Questionado sobre o patrocínio de empresas ligadas ao setor para quase metade da comissão, o parlamentar avalia que o lobby de empresas no Congresso é “comum e legal”, mas que a comissão não tem capacidade de aprovar a lei em definitivo e caberá ao plenário decidir sobre o novo Estatuto. “Na comissão será apenas uma prévia, mas, no plenário, serão 513 votos. Será que todos estão influenciados por esse suposto lobby? Isso é uma bobagem. O lobby das indústrias de bebidas, de comunicação ou do agronegócio é muito maior. Os repasses das empresas de seguranças são pequenos. Na realidade, a reivindicação por mudanças no Estatuto parte da população: 93% das pessoas são favoráveis a essa flexibilização”, afirma Montes.

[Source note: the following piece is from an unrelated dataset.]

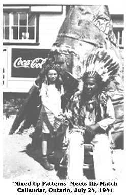 "Mixed Up Patterns", was wearing a Plains Indian headdress and standing in front of a tepee (teepee, tipi) when I met him. [It would have been slightly more correct and less ridiculous for him to be using a wigwam (wigwaum, wikiwam) of the woodland natives.] At age 11, I advised him that his actual dwelling should be a "longhouse" and he should forget his feather bonnet. He sputtered at this boldly affronting remark and, then smiling, inquired if I wanted to be photographed with him or not. He plonked a moth-eaten head band on me and our meeting was recorded for posterity.   I believe that "Mixed Up Patterns" was a Mohawk descendant of Chief Joe Brant, famous leader of the Six Nations Confederation (also known as the League of the Iroquois). He received his name from an early Ontario psychologist who was studying behavioural patterns amongst the people of the first nations, because he was so difficult to pidgeonhole into a single descriptive pattern of behaviour.  The older brother of "Mixed Up Patterns" was quite impossible to label, having failed all of the tests. Therefore the tribe selected "Mixed Up Patterns" as its Chief. The older brother was so angered by this act, that he stormed off to the Rocky Mountains between Alberta and British Columbia, where he took out his frustration by hurling boulders at passing motorists from the tops of the mountains. ... Actually, that is how the older brother received his name of "Falling Rocks". To this day, The Ministry of Transport posts signs in his memory along the Trans Canada Highway ..... BEWARE OF FALLING ROCKS. During our trip with the Canadian Massed Pipes and Drums to Scotland in 2009, Pat and I walked around Arthur's Seat a few times. There were numerous signs along the paths to warn climbers about the danger of falling rocks. This particular one was across the road from Holyrood Park, the site of The Gathering. I didn't realize that the tale of Falling Rocks had spread this far.  |
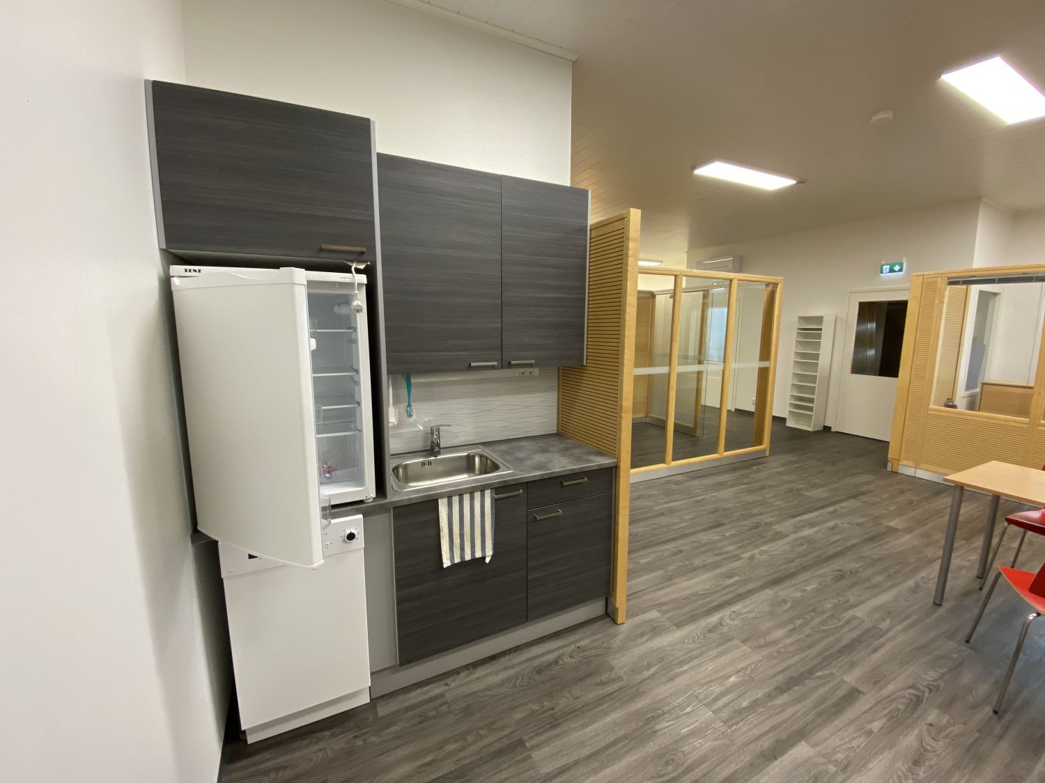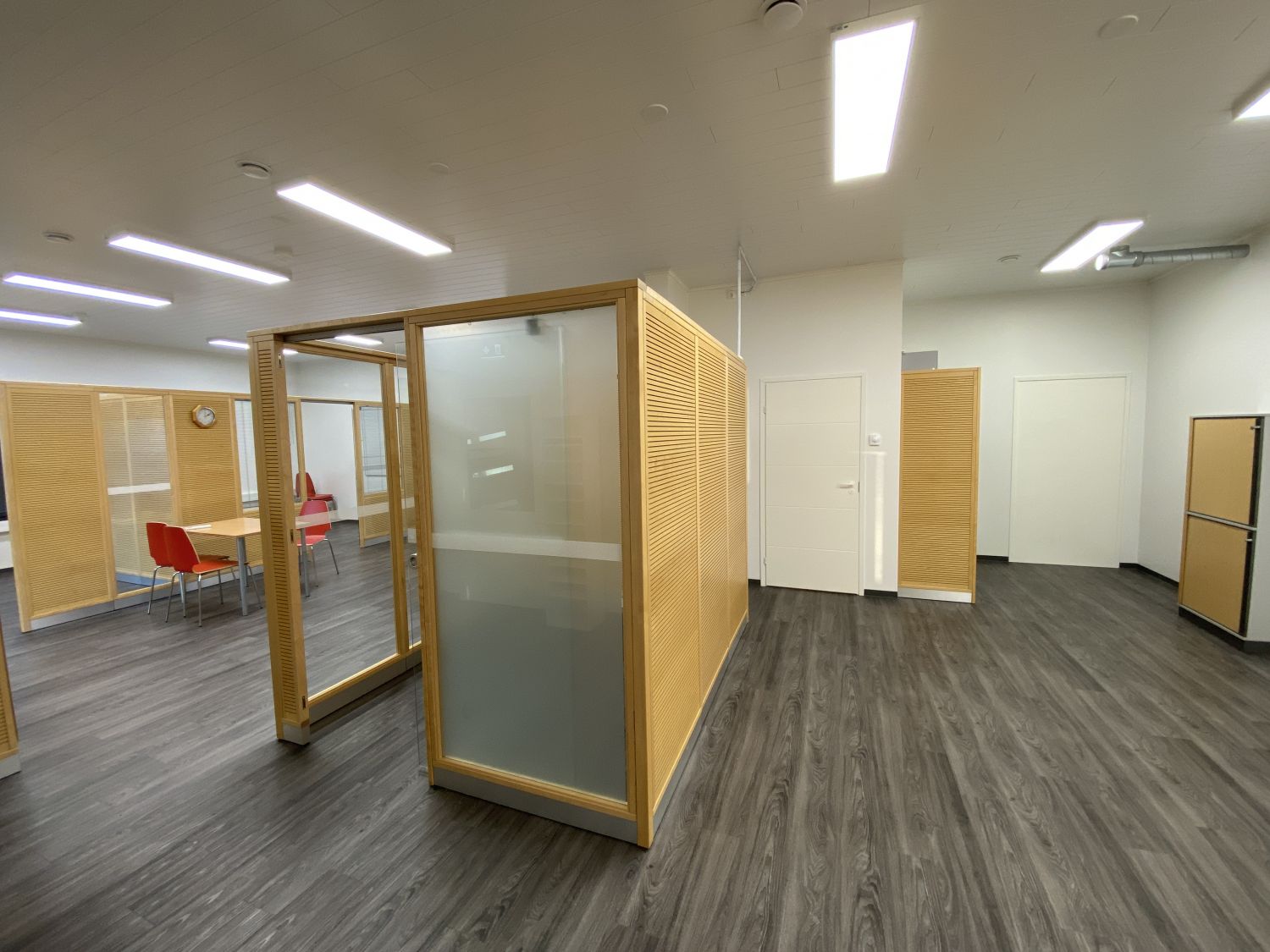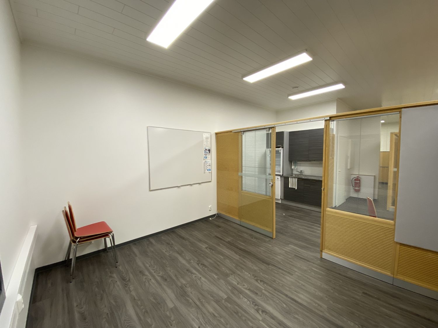 Koneellinen ilmanvaihto ja ilmalämpöpumppu. Kaksi wc:tä ja kaksi keittiötä. Tilan voi jakaa kahdeksi pienemmäksi tilaksi jos tekee pitkän sopimuksen. Neukkarina hiljainen huone. Nyt jaettu 9 työpisteeseen akustoivilla seinäkkeillä. Kevyet seinäkkeet helposti purettavissa tai muokattavissa teille sopivaksi.

Alerta para um “faroeste brasileiro”

Especialistas na área de criminalidade e segurança pública ouvidos pelo Estado de Minas são contrários às propostas que facilitam o acesso às armas de fogo. Para o coordenador-geral do Centro de Estudos de Criminalidade e Segurança Pública (Crisp) da UFMG, Cláudio Beato Filho, a situação da violência no país deveria motivar o Congresso a aumentar o rigor para o comércio de arma. “Pesquisas feitas no Brasil inteiro apontam que quem tem arma tem duas vezes mais chance de ser vítima. Ter arma expõe mais a pessoa. Infelizmente, na comissão, grande parte dos deputados defende as bandeiras da indústria das armas e já tem opinião definida sobre o tema. Espero que no plenário as mudanças sejam derrubadas”, opinou Beato.

O sociólogo critica a forma como o desarmamento foi discutido na Câmara, sem uma avaliação mais técnica por parte dos parlamentares. “O tema está sendo discutido na base do medo e do terrorismo. O argumento é que o Estado não tem condição de proteger as pessoas e que, por isso, elas devem se armar. Quando apresentamos pesquisas concretas, os parlamentares simplesmente ignoram. As mudanças que estão sendo feitas pela comissão representam um enorme equívoco”, alerta Beato.

Para o ex-secretário-adjunto de Defesa Social de Minas Gerais Luiz Flávio Sapori, a aprovação do novo Estatuto seria como “jogar gasolina na fogueira”, uma vez que a cultura brasileira é marcada pela violência. “O relatório final da comissão representa um grande retrocesso. É uma medida temerária, que tende a aumentar ainda mais a incidência de homicídios e latrocínios no país. Nossa cultura é extremamente violenta e podemos passar a ver conflitos menores serem resolvidos com mortes banais. Representa a instauração de um ‘faroeste brasileiro’”, critica Sapori.

O relator do projeto, deputado Laudívio Carvalho (PMDB-MG), rebate as críticas dos sociólogos e defende que a discussão sobre o desarmamento se arrasta no Congresso há três anos. “O povo brasileiro cobra essa definição. Só me debruçaria em cima de pesquisas se elas fossem oficiais. Na votação do referendo do desarmamento, vários especialistas fizeram análises que não ocorreram. Não posso trabalhar com especulações. Fizemos 27 audiências e ouvimos ponderações de todos os lados”, afirma Laudívio.